# Given material
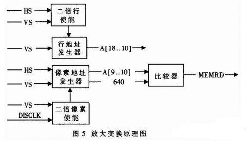 对于本系统具体的4倍放大要求,将行同步信号先进行二倍行使能运算,并利用场同步信号对该寄存器进行复位,将生成后的二分频行同步信号控制行地址发生器,也就是产生帧存储器所需的高位地址;类似地利用像素时钟、行同步信号和场同步信号就可以得到所需的低位地址。由于在帧存控制器向帧存储器写入数据时采用了一行点1024个位置的办法,所以在低位地址后连接了一个比较器,当产生的低位地址小于640时,帧存储器的读信号有效,否则无效,以保证不会混叠入无效的数据。
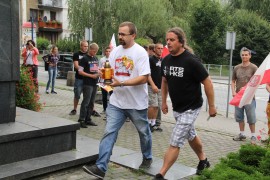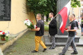 Po zakończeniu dźwięku syren zebrani pod pomnikiem złożyli wiązankę kwiatów i zapalili znicze przed tablicą upamiętniającą żołnierzy września i Polski Walczącej.
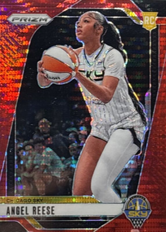 The Angel Reese 2024 Prizm WNBA #10 Red Pulsar /299 Rookie card in Raw condition has not changed in price in the last 30 days and was last sold for $14.99 .
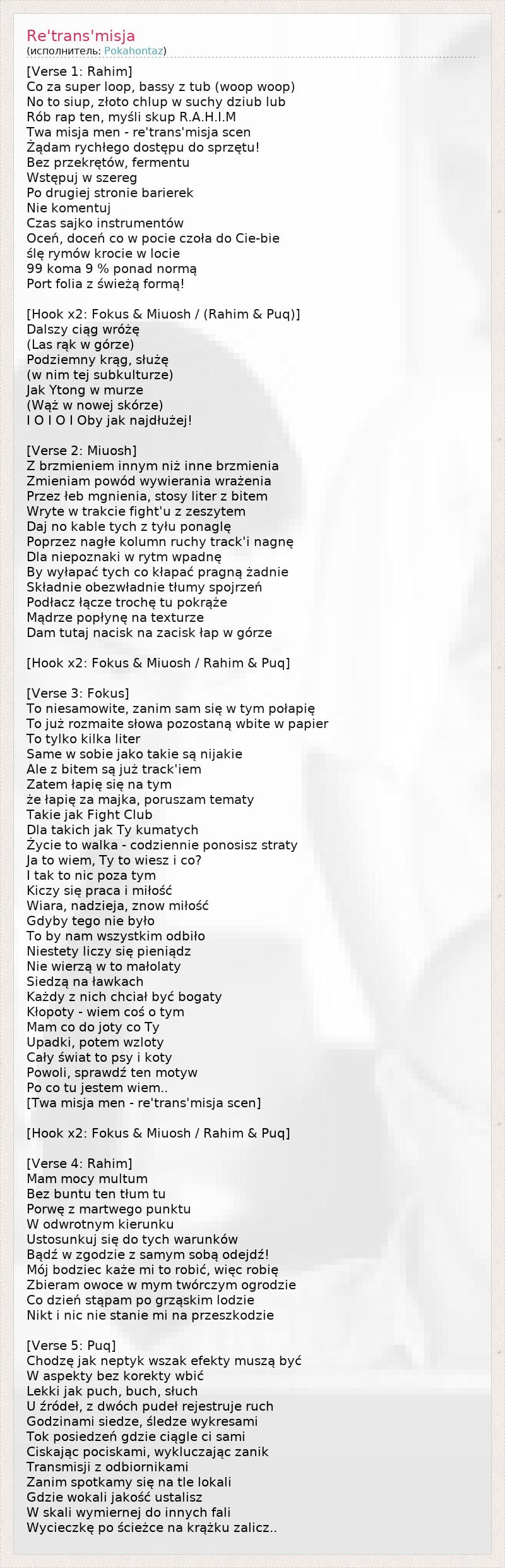 А как ты думаешь, о чем песня "Re'trans'misja" ?

# Task requirements
Could you write out verbatim only those lines that run from the line containing "Po zakończeniu dźwięku" through the end of the listing above, both included, without the pictures?

# Solution below
 Po zakończeniu dźwięku syren zebrani pod pomnikiem złożyli wiązankę kwiatów i zapalili znicze przed tablicą upamiętniającą żołnierzy września i Polski Walczącej.
 The Angel Reese 2024 Prizm WNBA #10 Red Pulsar /299 Rookie card in Raw condition has not changed in price in the last 30 days and was last sold for $14.99 .
 А как ты думаешь, о чем песня "Re'trans'misja" ?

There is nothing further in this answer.